Department of Clinical Biochemistry, Faculty of Medicine, King Abdulaziz University, Jeddah 21465, Saudi Arabia.
Medical Biochemistry and Molecular Biology, Faculty of Medicine, Mansoura University, Mansoura 35516, Egypt.
Cells. 2021 Apr 16;10(4):920. doi: 10.3390/cells10040920.
The exact link between obesity, vitamin D deficiency, and their relation to cellular senescence in the pathogenesis of subclinical atherosclerosis is still under debate. Therefore, the current study aims to verify the possible role of vitamin D deficiency and cellular senescence in the pathogenesis of obesity-related subclinical atherosclerosis. Moreover, it aims to investigate the possible protective role of vitamin D supplementation. Fifty-seven male albino rats were enrolled in the study and classified into four groups: negative (10) and positive control groups (10), an obese model group (24), and a vitamin-D-supplemented obese group (13). Aortic tissue samples and fasting blood samples were collected. The following biochemical investigations were performed: serum cholesterol, triglycerides, HDL-C, LDL-C, ALT, AST, CPK, CK-MB, and hs-cTnt. HOMA-IR was calculated. Moreover, serum SMP-30, 25 (OH)Vitamin D, and eNOS were determined by the ELISA technique. Aortic gene expression of eNOS, SMP-30, and P53 was estimated by real-time qRT-PCR. Serum 25(OH) D and SMP-30 were lower in the obese group. In addition, the obese group showed higher serum lipid profile, HOMA-IR, eNOS, ALT, AST, CPK, CK-MB, and hs-cTnt than the control groups, while decreased levels were found in the vitamin-D-treated obese group. Gene expression of eNOS and SMP-30 were in accordance with their serum levels. A positive correlation was found between vitamin D level and SMP-30. In conclusion, obesity is associated with vitamin D deficiency and enhanced cellular senescence. They could play a role in the pathogenesis of obesity-associated subclinical atherosclerosis and endothelial dysfunction. Vitamin D supplements could play a protective role against such obesity-related comorbidity.

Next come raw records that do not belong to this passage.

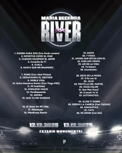 La gran galamusical, que agotó localidades en tiempo récord, fue pensada como una celebración personal y profesional. María atravesó meses intensos, tanto a nivel laboral como emocional, y el River 360° funcionó como una especie de consagración y desahogo frente a miles de fanáticos que la acompañan desde sus inicios y que cantaron cada una de sus canciones en medio de una euforia sin precedentes.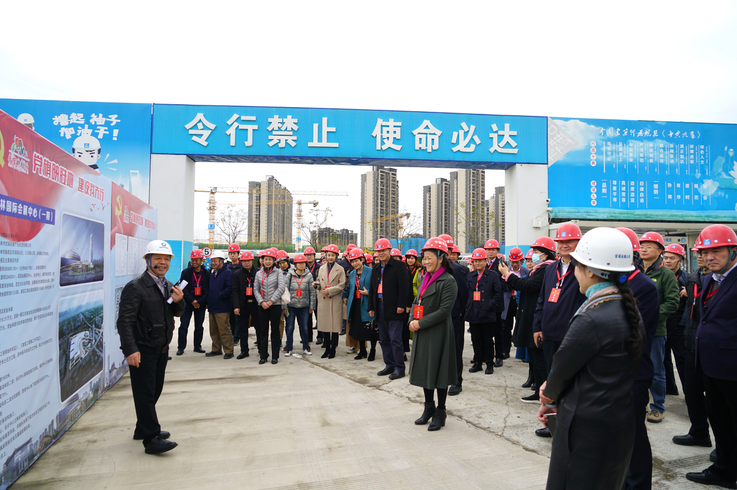 11月23日,桂林市政協(xié)組織由住桂林市自治區(qū)政協(xié)委員、市政協(xié)領導班子、市政協(xié)常委組成的視察團一行80余人,就“我市重點項目建設情況”專題對桂林國際會展中心項目進行實地調研。桂林市政協(xié)主席陳麗華,副市長蔣春華,臨桂新區(qū)管委會副主任陳清參加調研。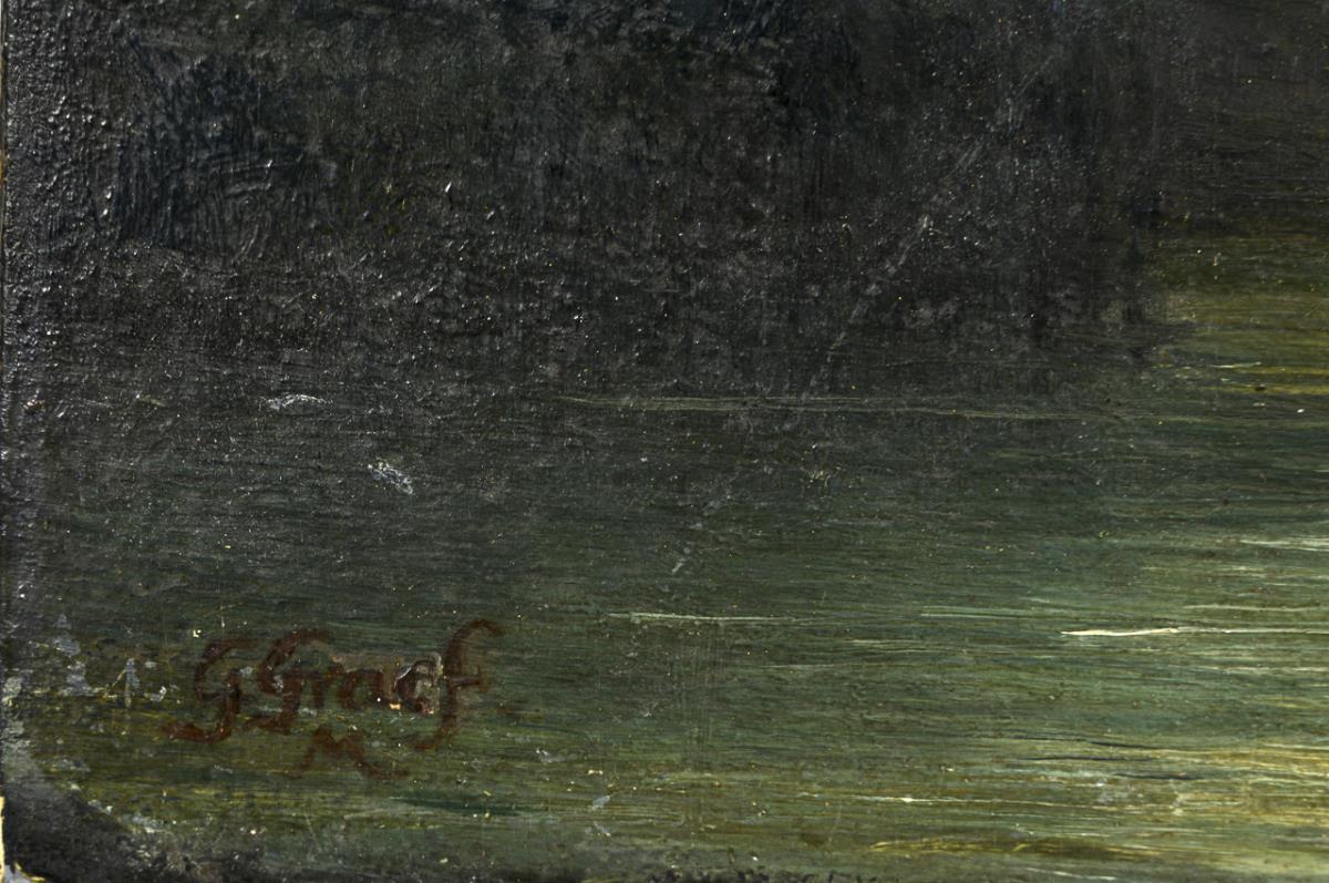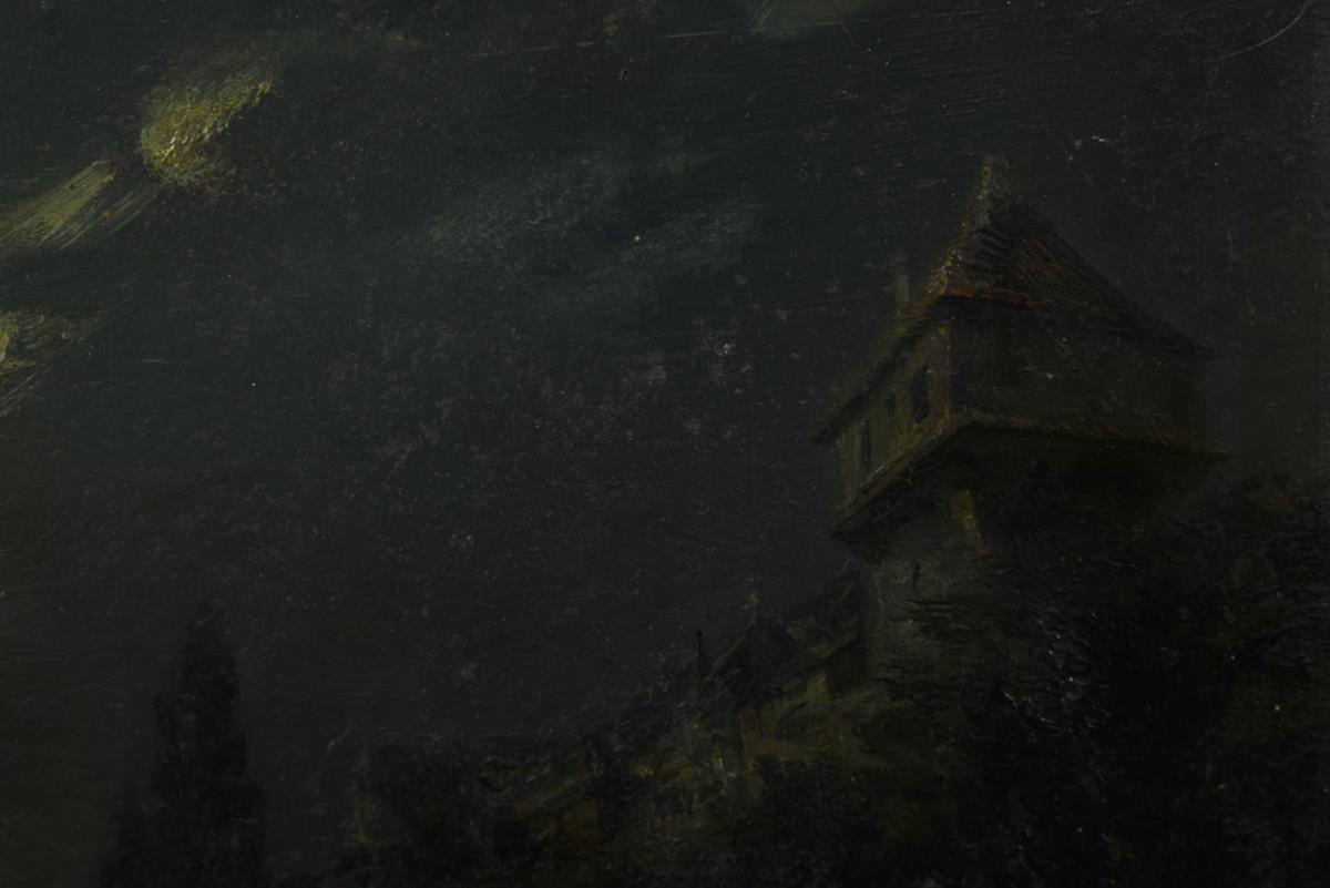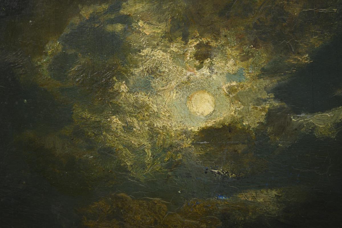 Segler am Steg unterhalb des Hauses im hellen Licht des Vollmondes. Altersspuren.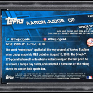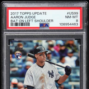 Graded NM-MT 8 by PSA. How many more homers will New York Yankees superstar Aaron Judge slug in 2025? Regardless of the final tally, the offered 2017 Topps Update #US99 rookie variation is a prime value pick! This "Bat on Left Shoulder" short print pictures #99 looking to send yet another ball into the bleachers.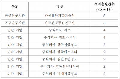 출원인은 한국해양과학기술원, 한국전자통신연구원 등 정부출연 공공연구기관과 함께 다수의 민간 기업이 포함되어 있다.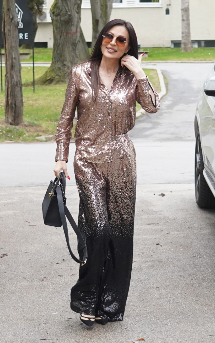 Pevačica je za ovu priliku odabrala kombinezon pun šljokica koji je u crno-zlatnoj varijanti.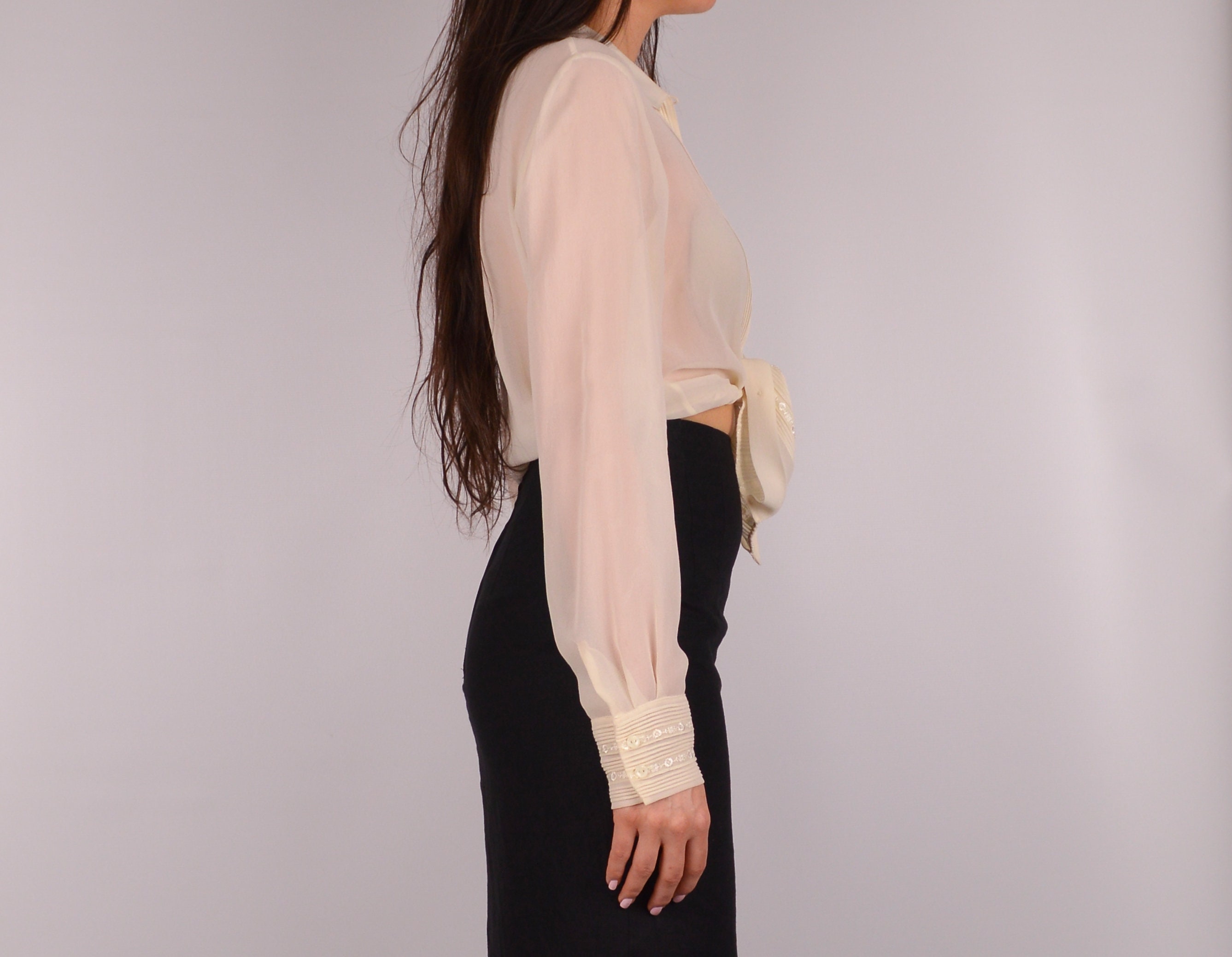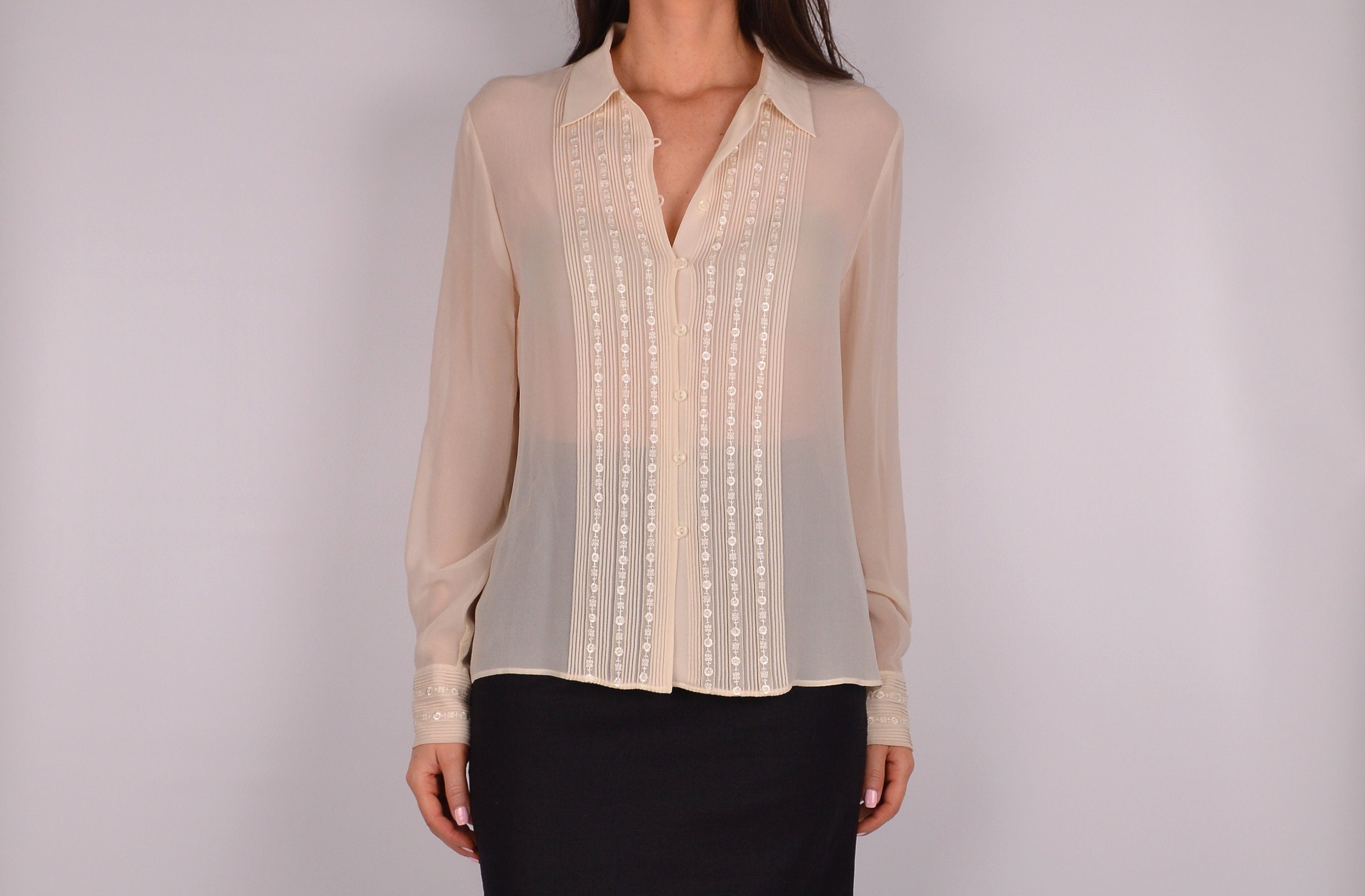 Gorgeous vintage sheer cream silk button up top. Embroidery detail adds delicate beauty. Effortlessly chic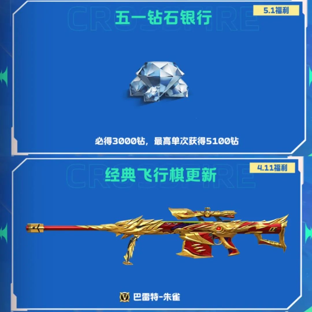 钻石银行活动又来啦,为了帮助大家更快拿到心仪的道具,福利是层层加码,保底从以往的每次500增至1000,最终必得3000钻石,最高更是可以单次获得高达5100钻石!经典飞行棋将上架复刻端游的经典神器——巴雷特-朱雀,金色与红色交相辉映,火羽展翅的造型更显张扬恣肆,是一把不可多得的大杀器!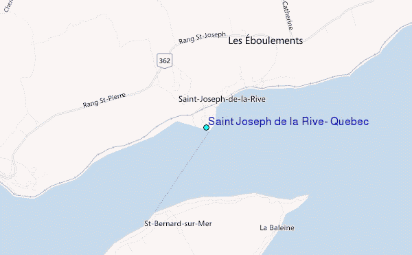 Use this relief map to navigate to tide stations, surf breaks and cities that are in the area of Saint Joseph de la Rive, Quebec.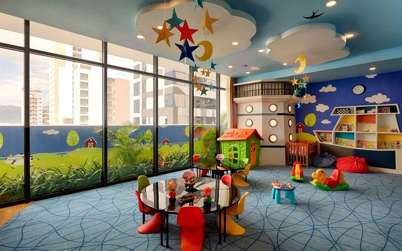 Vinpearl Beachfront Nha Trang có khu vui chơi dành cho trẻ nhỏ với các hoạt động nhẹ nhàng như vẽ tranh, xếp hình. Ngoài ra, khách sạn còn cung cấp dịch vụ trông trẻ có tính phí, du khách có thể liên hệ lễ tân để được hỗ trợ khi cần.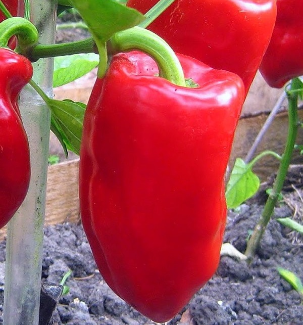Для открытого грунта и плёночных теплиц. Среднеранний (120-130 дней) сорт. Растение полураскидистое, низкорослое, высотой 35-45 см. Плоды пониклые, конусовидные, длиной 9-10 см, массой 90-120 г, толщина стенок 4-5 мм. В биологической спелости темно-красного цвета. Сорт устойчив к болезням.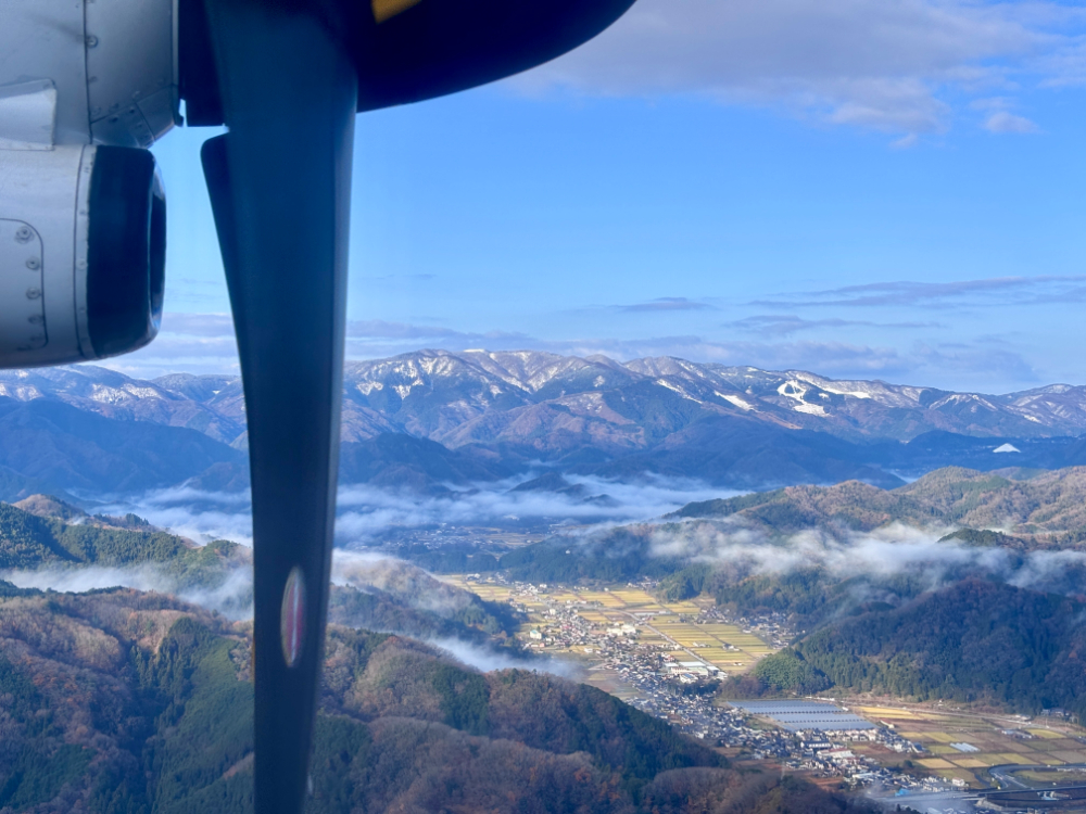 伊丹からコウノトリ但馬空港へのフライトは、低高度を飛ぶため景色が手に取るようにわかるのが魅力です。離陸後、左手には神戸の街並みや明石海峡大橋が広がり、機体はさらに西脇市や丹波市の上空を通過していきます。離陸から10数分で着陸態勢に入るのも面白い感じです。山肌に密集する雲海を見下ろすのも楽しい経験で、機体は豊岡市にある但馬空港へと高度を下げていきました。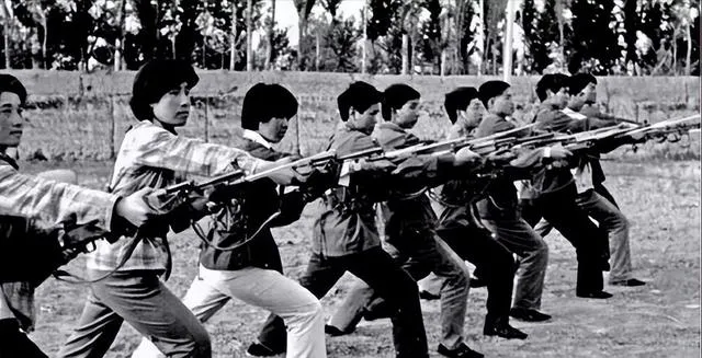 民兵训练、墙上的照片展板、纺线的女工,还有最后那张高大的工厂车间,都在提醒我们:那个年代的生活面很宽,不只是田间地头。有人在农村,有人在车间,有人在课堂,有人在巷子里过日子。空间不同,穿着不同,手上的活也不同,但人身上那股朴素、专注、带点硬朗的精神头,倒是挺一致。

肥胖、维生素 D 缺乏与细胞衰老在亚临床动脉粥样硬化发病机制中的确切联系仍存在争议。因此,本研究旨在验证维生素 D 缺乏和细胞衰老在肥胖相关亚临床动脉粥样硬化发病机制中的可能作用。此外,还旨在研究维生素 D 补充的可能保护作用。
将 57 只雄性白化大鼠纳入研究并分为 4 组:阴性(10 只)和阳性对照组(10 只)、肥胖模型组(24 只)和维生素 D 补充肥胖组(13 只)。收集主动脉组织样本和空腹血样。进行了以下生化研究:血清胆固醇、甘油三酯、HDL-C、LDL-C、ALT、AST、CPK、CK-MB 和 hs-cTnt。计算 HOMA-IR。此外,通过 ELISA 技术测定血清 SMP-30、25(OH)维生素 D 和 eNOS。通过实时 qRT-PCR 估计主动脉中 eNOS、SMP-30 和 P53 的基因表达。
肥胖组血清 25(OH)D 和 SMP-30 水平降低。此外,肥胖组的血清脂质谱、HOMA-IR、eNOS、ALT、AST、CPK、CK-MB 和 hs-cTnt 均高于对照组,而维生素 D 治疗肥胖组的水平则降低。eNOS 和 SMP-30 的基因表达与其血清水平一致。发现维生素 D 水平与 SMP-30 之间存在正相关。
综上所述,肥胖与维生素 D 缺乏和增强的细胞衰老有关。它们可能在肥胖相关亚临床动脉粥样硬化和内皮功能障碍的发病机制中发挥作用。维生素 D 补充剂可能对这种肥胖相关的合并症起到保护作用。